-- EXERCISE DATA follows --

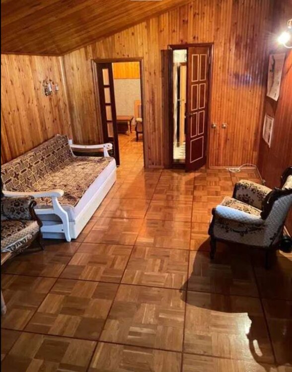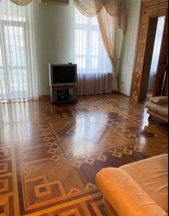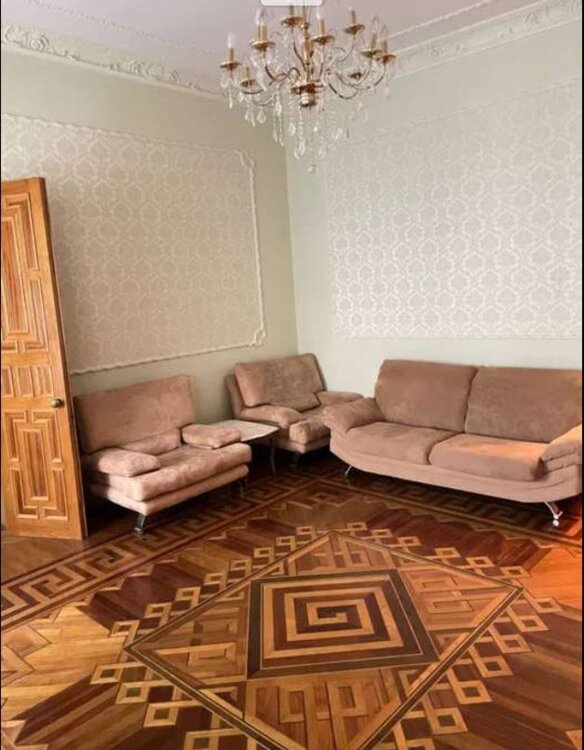 На полу натуральный паркет ухоженный, толстые стены 80 см, высокие потолки с лепкой
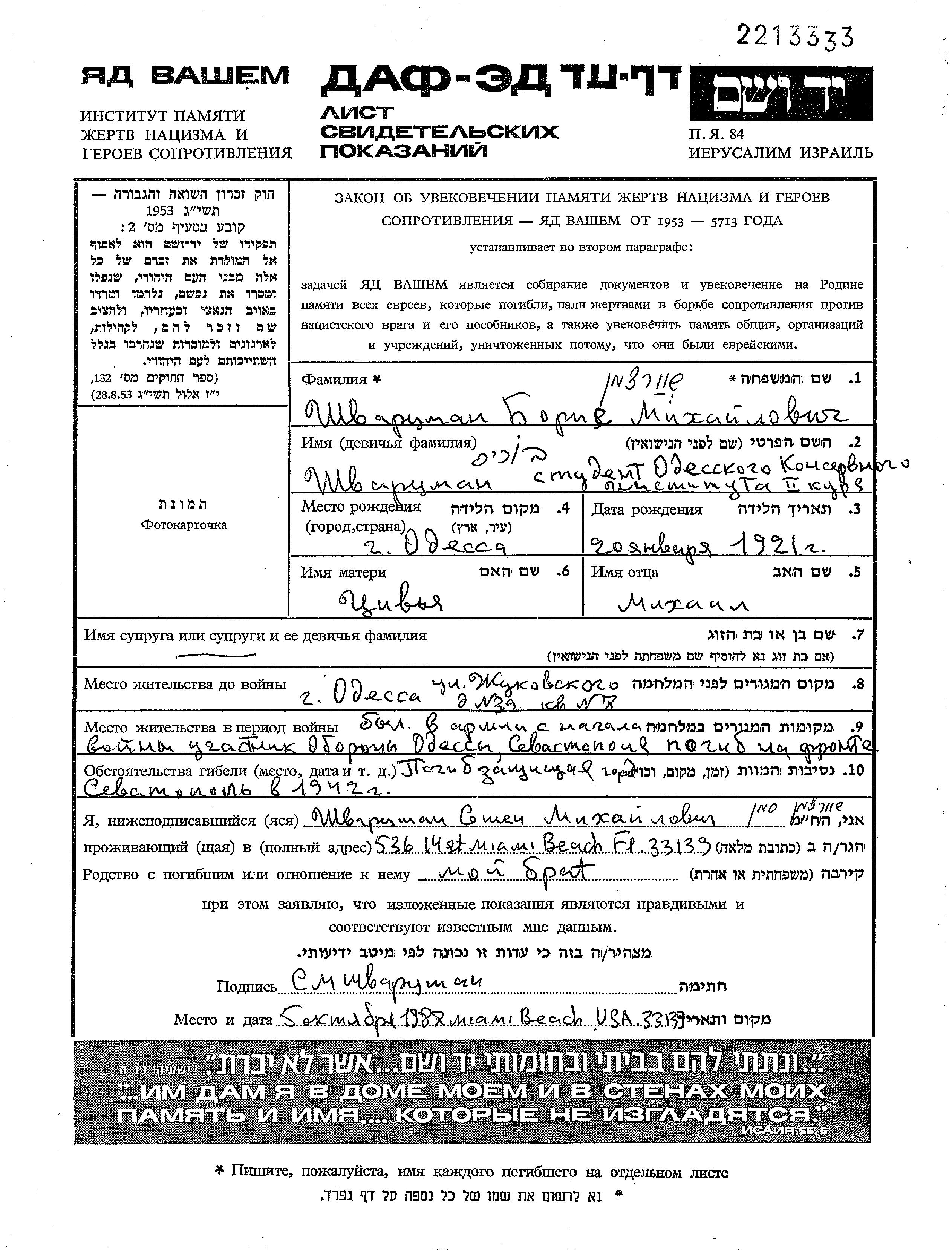 Boris Shvartsman wurde im Jahr 1921 in Odessa, Ukraine (UdSSR) geboren. Er war Student. Vor dem Zweiten Weltkrieg lebte er in Odessa, Ukraine (UdSSR).
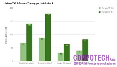 圖一: GoogLeNet 與ResNet-50採用Jetson TX2 Max-Q 與Max-P供電設定所達到的推論處理量。TensorRT 2.1在GoogLeNet與ResNet上提供兩倍的推論處理量。
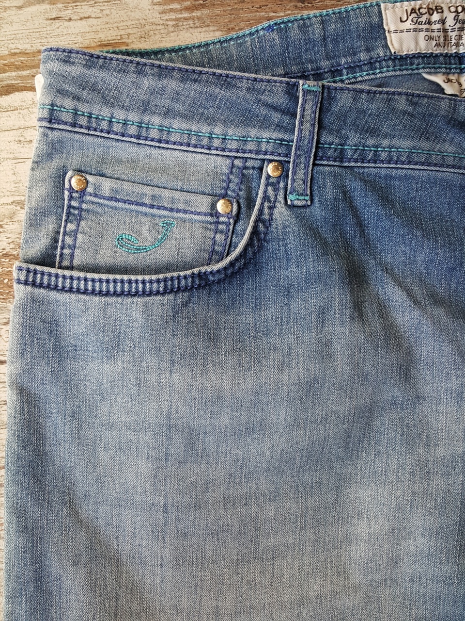 Модель: STYLE 688 прямого кроя, застёгивается на фирменные пуговицы с логотипами и надписью Jасоb Соhёn.
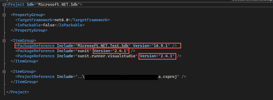 <PackageReference Include="Microsoft.NET.Test.Sdk" Version="16.9.1" />Test Project’s Csproj file in details
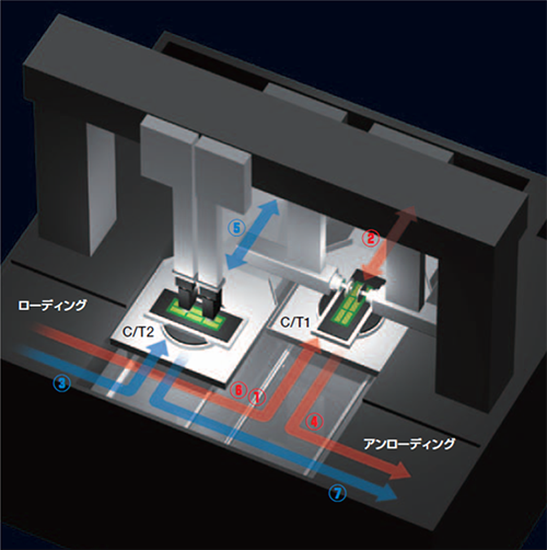 DFD6750は、生産性を大幅に向上させたダイシングエンジンです。2つのチャックテーブル(以下C/T)を搭載したDFD6750は、一方のC/Tで加工中に、他方のC/Tで搬送/アライメント/洗浄を同時におこなうことができるため、加工待機時間が大幅に短縮し、生産性が向上します。また、各軸の戻り速度を向上することで加工時間を短縮しています。
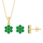 1.25 CT Round Cut Emerald Floral Pendant and Earring Set
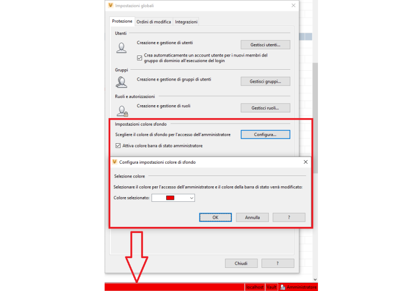 È possibile specificare un colore di sfondo speciale nel client del Vault quando ci si connette come amministratore.

-- EXERCISE DATA concluded --

• _EXERCISE_: No pictures belong in the answer. It must repeat exactly the lines from the line with "file in details" through the final line of the records.

• _SOLUTION FOR THIS PROBLEM_:
 <PackageReference Include="Microsoft.NET.Test.Sdk" Version="16.9.1" />Test Project’s Csproj file in details
 DFD6750は、生産性を大幅に向上させたダイシングエンジンです。2つのチャックテーブル(以下C/T)を搭載したDFD6750は、一方のC/Tで加工中に、他方のC/Tで搬送/アライメント/洗浄を同時におこなうことができるため、加工待機時間が大幅に短縮し、生産性が向上します。また、各軸の戻り速度を向上することで加工時間を短縮しています。
 1.25 CT Round Cut Emerald Floral Pendant and Earring Set
 È possibile specificare un colore di sfondo speciale nel client del Vault quando ci si connette come amministratore.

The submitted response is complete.